• **To do**
Starting with the line that includes "Selling a Palafin", write out every remaining line of the records below exactly as it appears, leaving out any images.

+---+

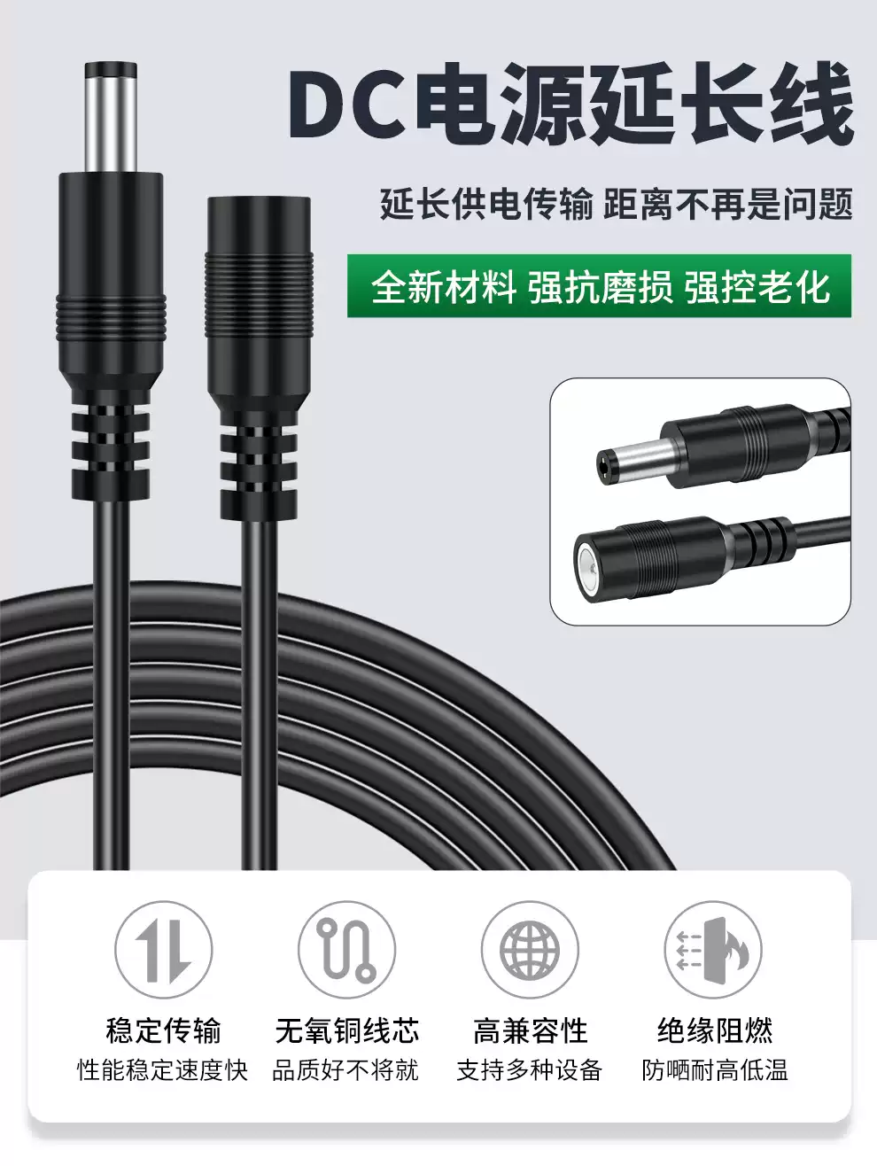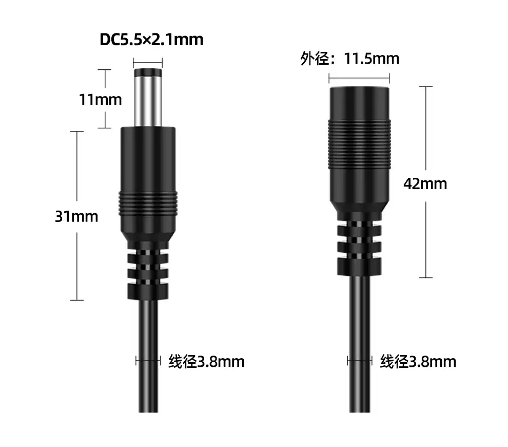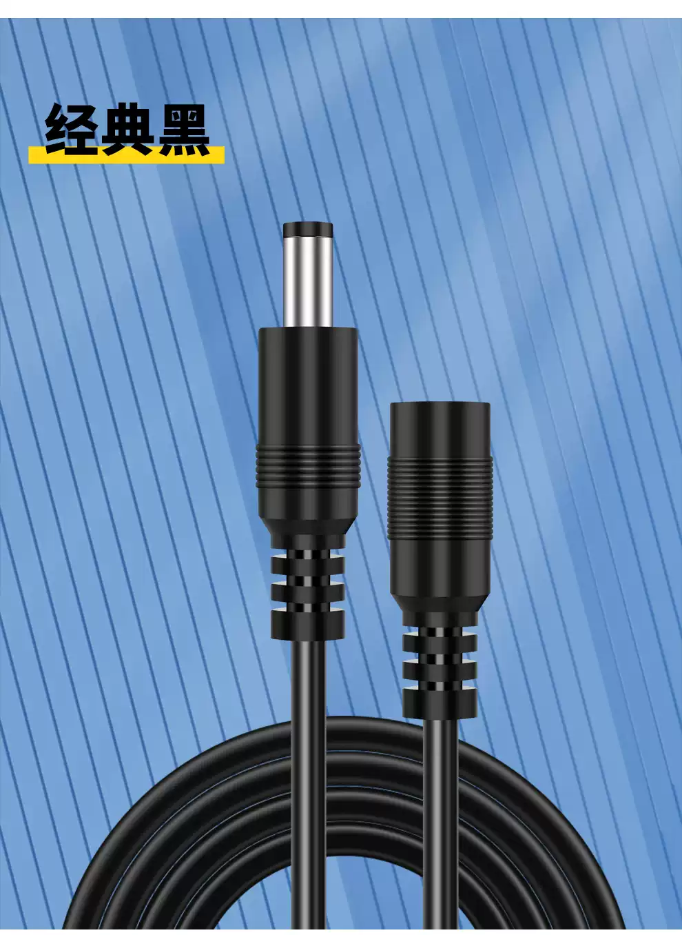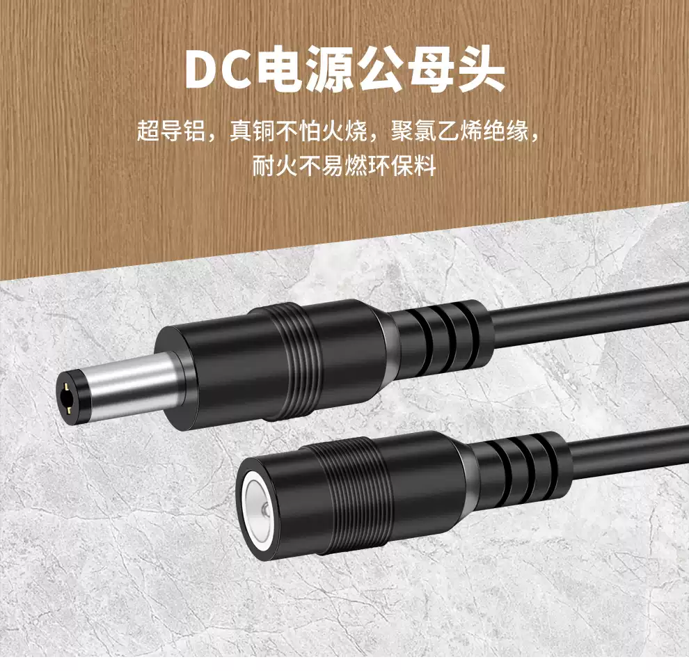 12V female cable male DC5.5*2.1mm connecting cable plug monitoring power supply extension cable camera extension cable black 5 meters
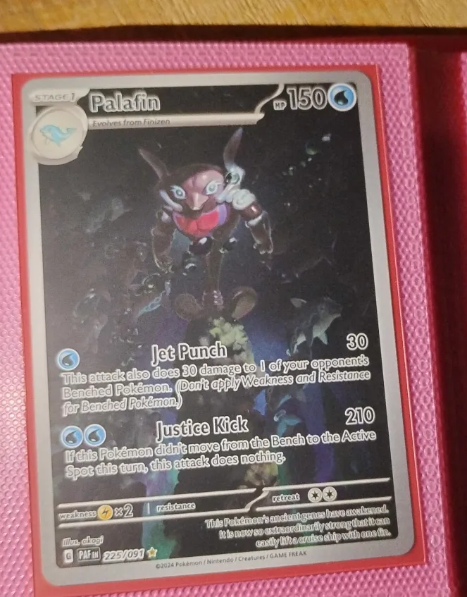 Selling a Palafin Pokemon card. It evolves from Finizen and has 150 HP.
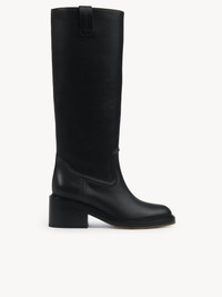 Deeply rooted in the Chloé DNA, the comfortable yet timeless Mallo high boot is updated in this monochrome version crafted from soft calfskin in an effortlessly chic design. The refined, authentic stacked leather heel is paired with a sleek upper featuring elegant lines and distinctive saddle stitches in a nod to the line's equestrian inspiration. Easy to slip on and off, this soft knee-high boot has an almond toe shape for a delicate, feminine finish. PRODUCT DETAILS Tall boot heel height: 2.4" (6 cm) Heel-to-toe drop: 2" (5 cm) - Inner sole: goatskin - Upper: calfskin - Sole: 50% cowhide, 50% thermoplastic polyurethane - Main lining: cowhide - Heel: cowhide Fit true to size, European sizing - Slip-on knee-high boot Color: Black Item code: CHC23W684GB001
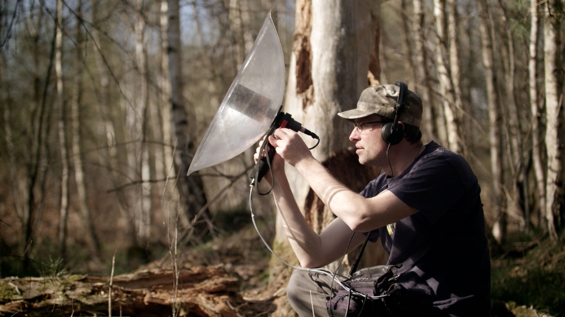 À la tombée du jour, Marc camoufle ses micros dans un sous-bois. Toute la nuit, il capte des ambiances – souffles, chants, hurlements ou craquements –, qu’il retravaille en studio pour composer des paysages sonores. Comme son père, qui l’enregistrait lorsqu’il était enfant, Marc capte les voix de ses filles et transmet sa passion du son à l’aînée, Lucie. Il partage sa bibliothèque sonore avec des artistes, comme le compositeur Christian Zanési.
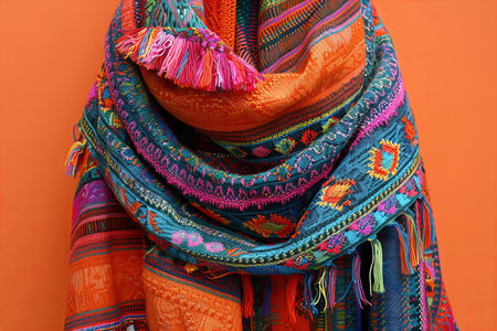 A beautifully crafted and colorful scarf showcases vibrant hues and a soft texture, ideal for adding warmth and style to winter outfits and seasonal fashion expressions.

+---+

• **Your solution**
 Selling a Palafin Pokemon card. It evolves from Finizen and has 150 HP.
 Deeply rooted in the Chloé DNA, the comfortable yet timeless Mallo high boot is updated in this monochrome version crafted from soft calfskin in an effortlessly chic design. The refined, authentic stacked leather heel is paired with a sleek upper featuring elegant lines and distinctive saddle stitches in a nod to the line's equestrian inspiration. Easy to slip on and off, this soft knee-high boot has an almond toe shape for a delicate, feminine finish. PRODUCT DETAILS Tall boot heel height: 2.4" (6 cm) Heel-to-toe drop: 2" (5 cm) - Inner sole: goatskin - Upper: calfskin - Sole: 50% cowhide, 50% thermoplastic polyurethane - Main lining: cowhide - Heel: cowhide Fit true to size, European sizing - Slip-on knee-high boot Color: Black Item code: CHC23W684GB001
 À la tombée du jour, Marc camoufle ses micros dans un sous-bois. Toute la nuit, il capte des ambiances – souffles, chants, hurlements ou craquements –, qu’il retravaille en studio pour composer des paysages sonores. Comme son père, qui l’enregistrait lorsqu’il était enfant, Marc capte les voix de ses filles et transmet sa passion du son à l’aînée, Lucie. Il partage sa bibliothèque sonore avec des artistes, comme le compositeur Christian Zanési.
 A beautifully crafted and colorful scarf showcases vibrant hues and a soft texture, ideal for adding warmth and style to winter outfits and seasonal fashion expressions.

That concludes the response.